With that, I will wrap up my comments, noting that the uncertain economic environment has only gotten more pessimistic over the past few months. Still, Banner’s credit culture is one that is designed for success through all business cycles. Our underwriting has remained consistent even through the last extended economic expansion. Our loan portfolio continues to be diversified by both product type and geography and is granular in nature. We continue to have a solid reserve for loan losses and robust capital.

And most importantly, our clients have continued to perform well as reflected in our credit metrics. In short, we are well positioned to move through the next phase of this economic cycle.

With that, I’ll turn the microphone over to Peter for his comments. Peter?

Peter Conner

Thank you, Jill, and good morning, everyone.

As discussed previously and as announced in our earnings release, we reported net income of $48 million or $1.39 per diluted share for the second quarter compared to $44 million or $1.27 per diluted share for the first quarter. The $0.12 increase in earnings per share was due to an increase in net interest income and noninterest income, partially offset by provision expense this quarter.

Core revenue, excluding gains and losses on securities, changes in fair value of financial instruments carried at fair value, and gains on the sale of sold branches increased $10.7 million from the prior quarter due to an increase in net interest income. Core noninterest expenses, which exclude Banner Forward, debt extinguishment and M&A-related expenses increased $2.5 million due to higher compensation, fraud losses and professional services expense.

Turning to the balance sheet. Total loans increased $315 million from the prior quarter end as a result of increases in held-for-portfolio loans, partially offset by a $28 million decline in PPP loans.

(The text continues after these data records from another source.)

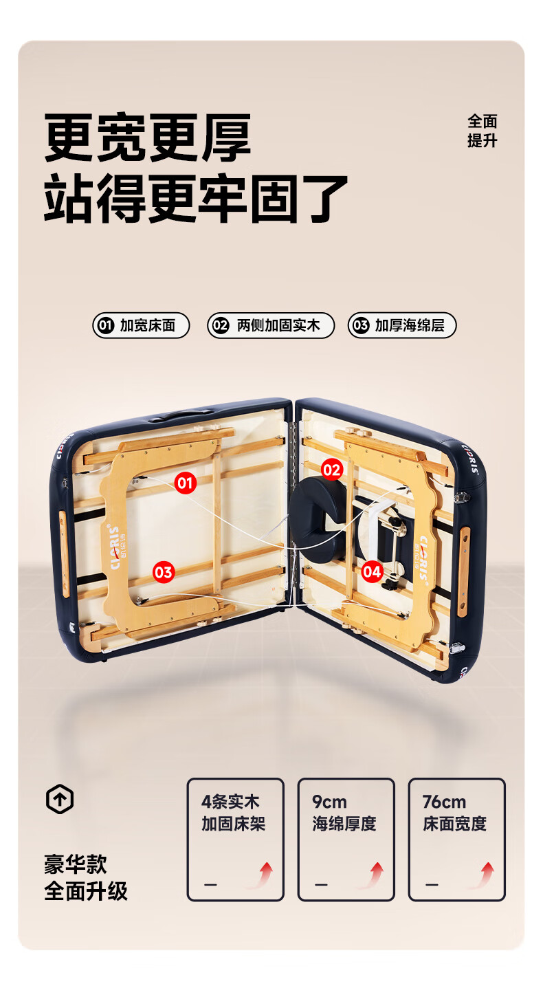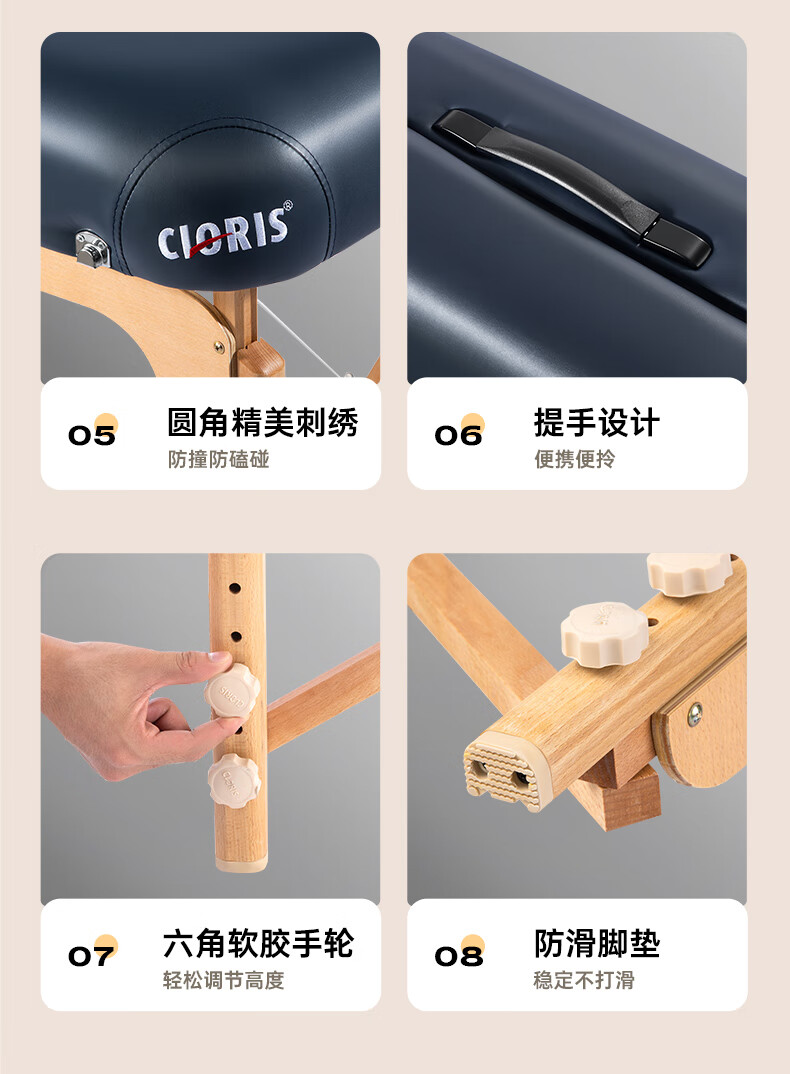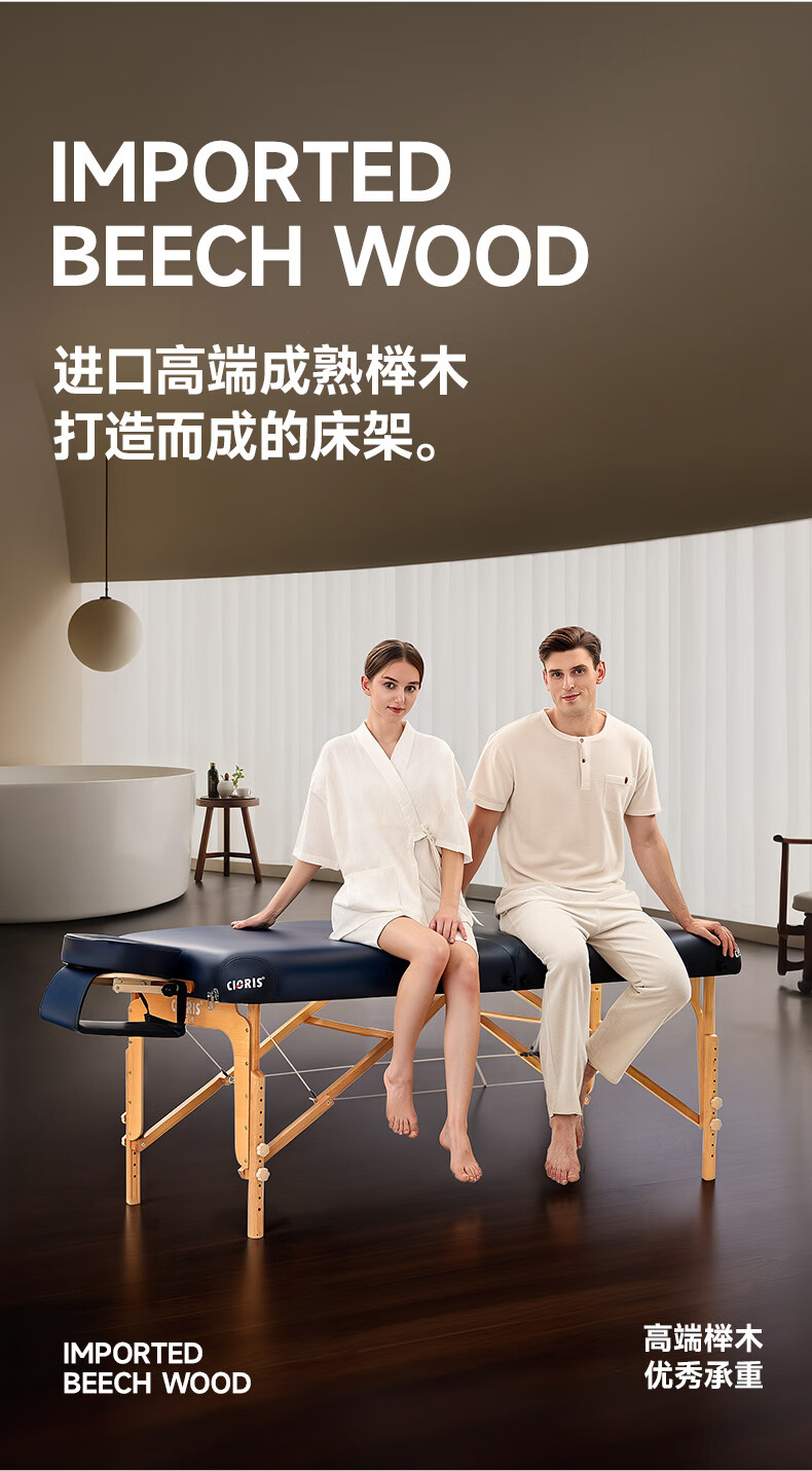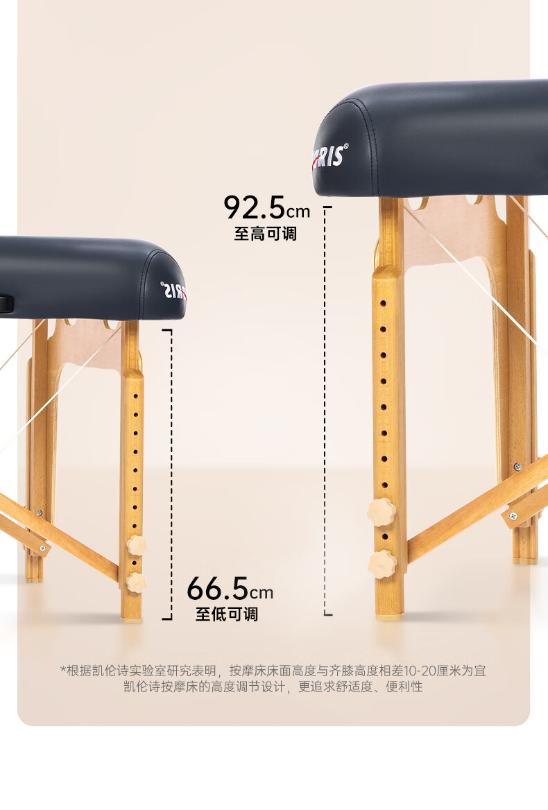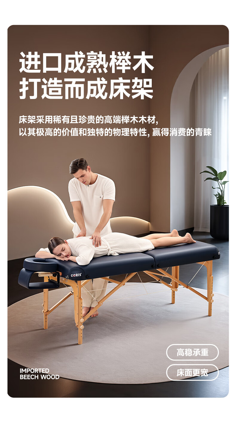 CLORIS high-end massage bed physiotherapy massage bed folding beauty therapy embroidered solid wood portable portable home foldable B558+H201 (stool back) package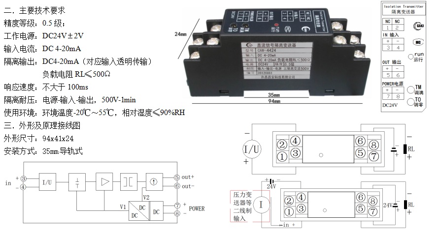 規(guī)范:4-20mA轉4-20mA 電源DC24V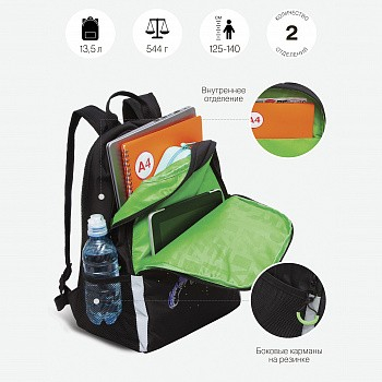 Эта серия школьных детских рюкзаков GRIZZLY подходит для мальчиков от 7 лет ростом от 125 до 140 см.  Детские рюкзаки легкие и вместительные. В сумке два отделения для учебных пособий форматом А4, которые помогут организовать внутренний порядок для ученика, отделить учебники от рабочих тетрадей и канцелярии. В основном отделении есть дополнительный внутренний карман для папок.
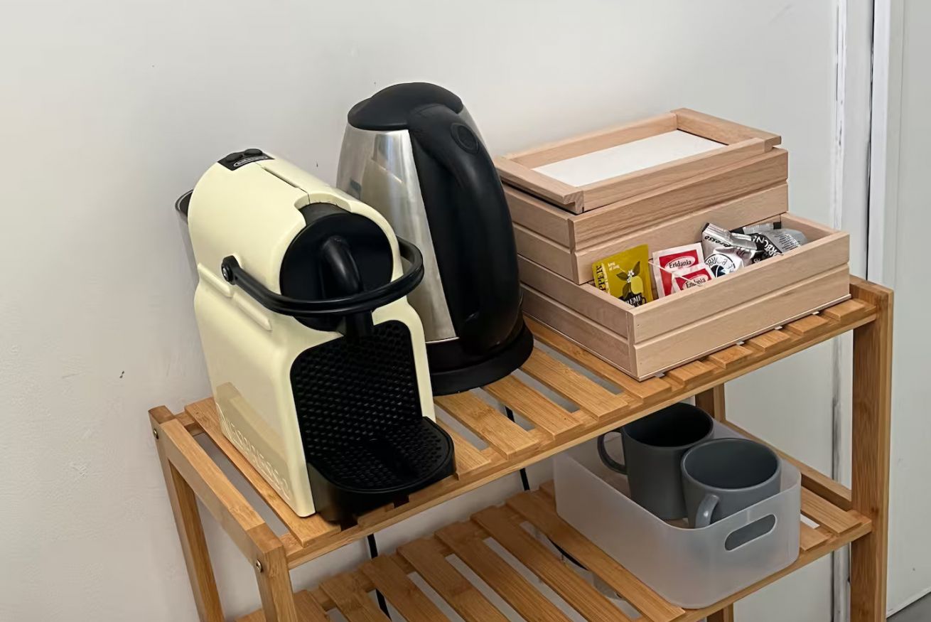 (No kitchen, only fridge and coffee setup)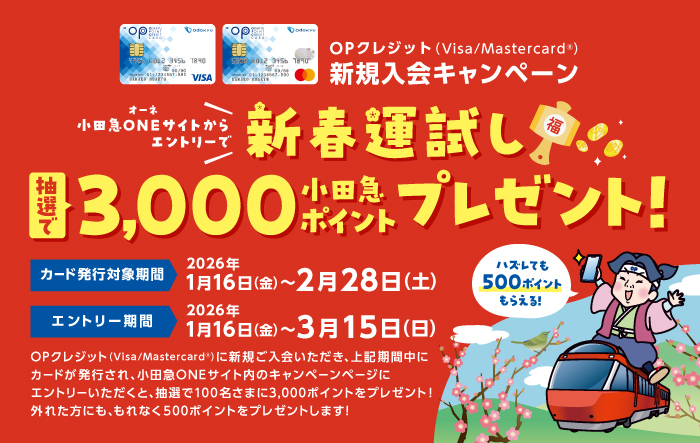 新春運試し!抽選で3,000ポイントプレゼント 「OPクレジット(Visa/Mastercard®)入会キャンペーン」 を実施中!!
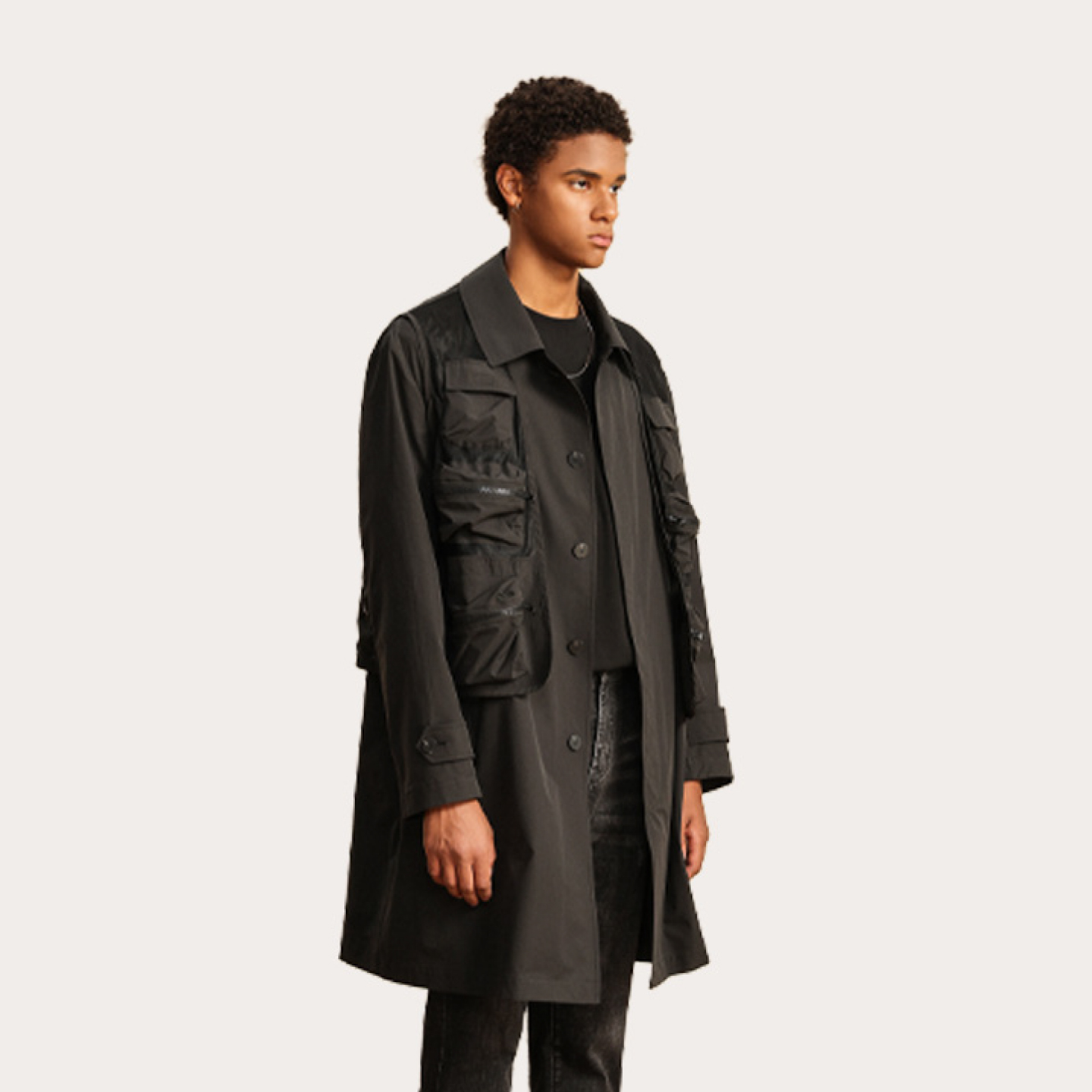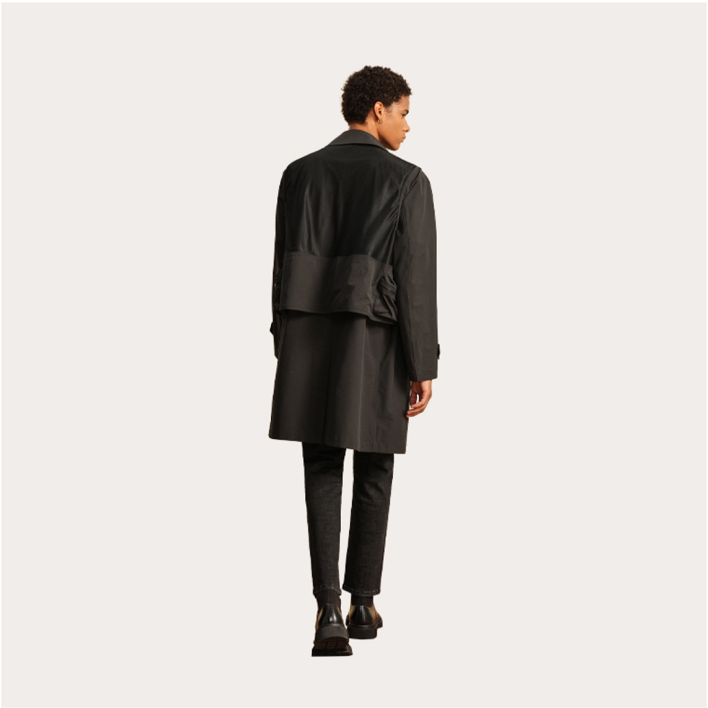 大衣潮 外套高级感宽松猎装 w2x春秋季 高密加捻细斜纹风衣男中长款
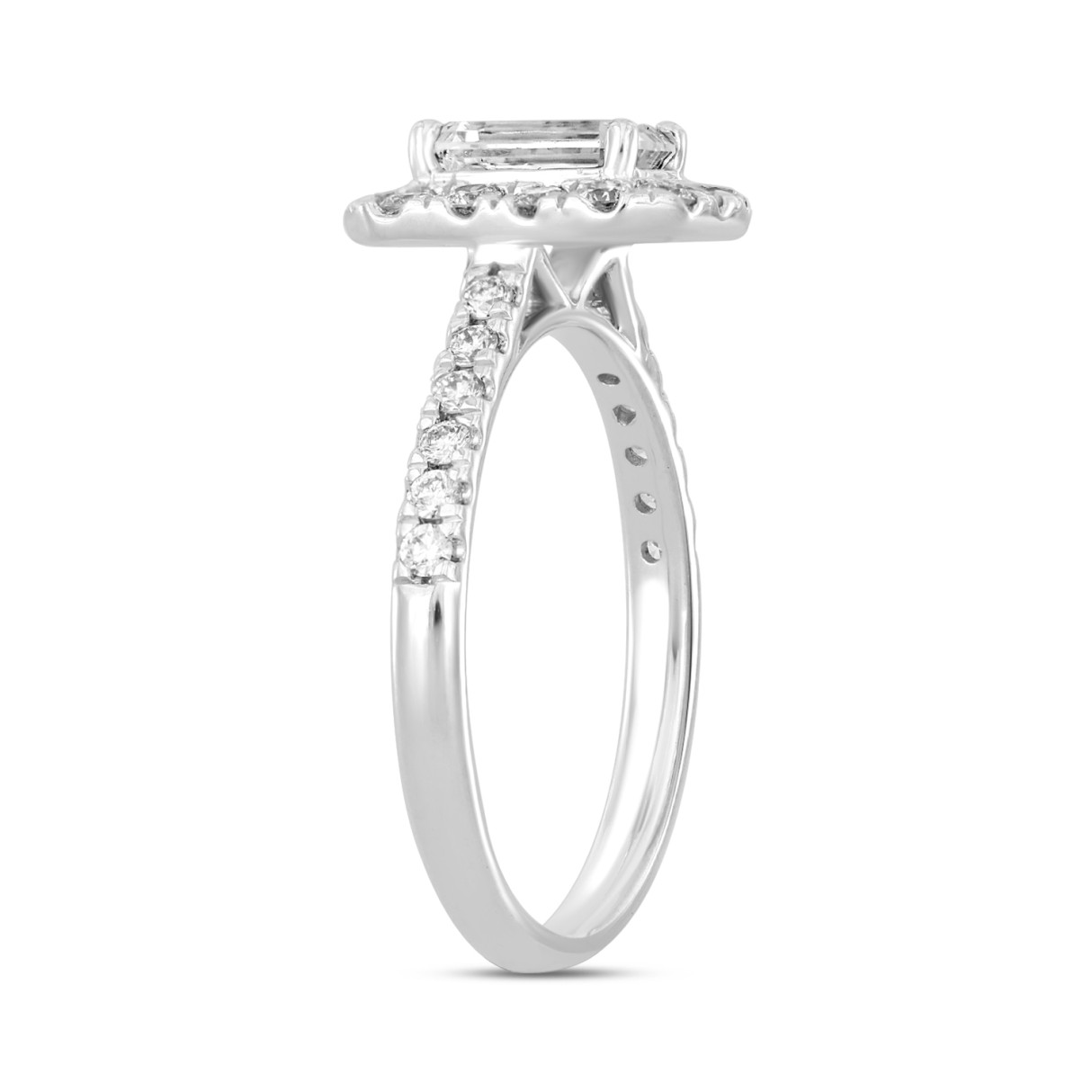 LADIES RING 1 1/2CT ROUND/EMERALD DIAMOND 14K WHITE GOLD (CENTER STONE EMERALD DIAMOND 1CT)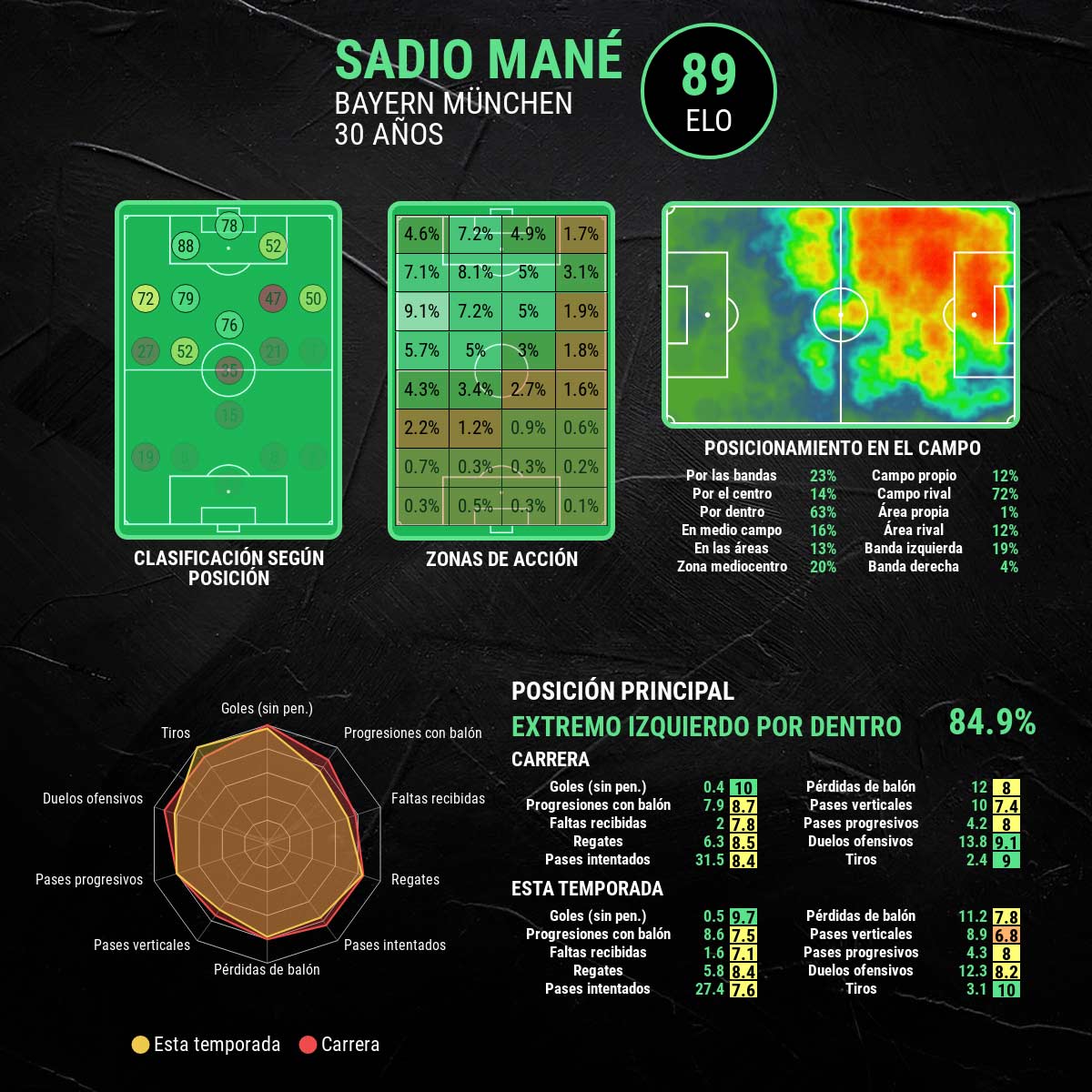 Sumando estos dos partidos como suplente tras su inoportuna dolencia, Sadio Mané ha disputado un total de 25 encuentros con el Bayern de Múnich, 21 de ellos como titular, en los que ha completado 1.671 minutos. En ellos, el delantero tuvo tiempo de marcar 11 goles (6 en Bundesliga) y de dar 4 asistencias. Otras 3 dianas las repartió en Champions League, donde ahora puede reaparecer a tiempo para buscar la sentencia ante el Paris Saint-Germain.

Excluding PPP loans and held-for-sale loans, portfolio loans increased $338 million and 14.9% on an annualized basis.

one to four family real estate loans grew $150 million in the current quarter as a result of redirecting a portion of residential custom construction loans previously earmarked for sale at completion on the portfolio with an increase in jumbo mortgage production. We anticipate a similar pace of one to four mortgage loans held for investment growth in the coming quarter.

Ending core deposits decreased $267 million from the prior quarter end as a result of the sale of four branches that closed in late June, accounting for $170 million of decrease. The remaining decrease in deposits reflects a combination of seasonal outflows associated with tax payments, along with exits of rate-sensitive deposit balances seeking higher yields.

Time deposit balances declined $44 million from the prior quarter end, of which $8 million were due to the aforementioned branch sale and the remaining $36 million decline driven by higher cost CDs continuing to roll over at lower retention rates.

Net interest income increased by $10.4 million from the prior quarter due to an expansion of the net interest margin, coupled with growth in average loan outstandings and lower balances of lower-yielding overnight interest-bearing cash.

Compared to the prior quarter, loan yields increased four basis points due to increases in floating and adjustable rate loans, partially offset by a decline in PPP loan forgiveness processing fees. Excluding the impact of PPP loan forgiveness, prepayment penalties, interest recoveries and acquired loan accretion, the average loan coupon increased 11 basis points from the prior quarter due to increases in floating and adjustable rate loans.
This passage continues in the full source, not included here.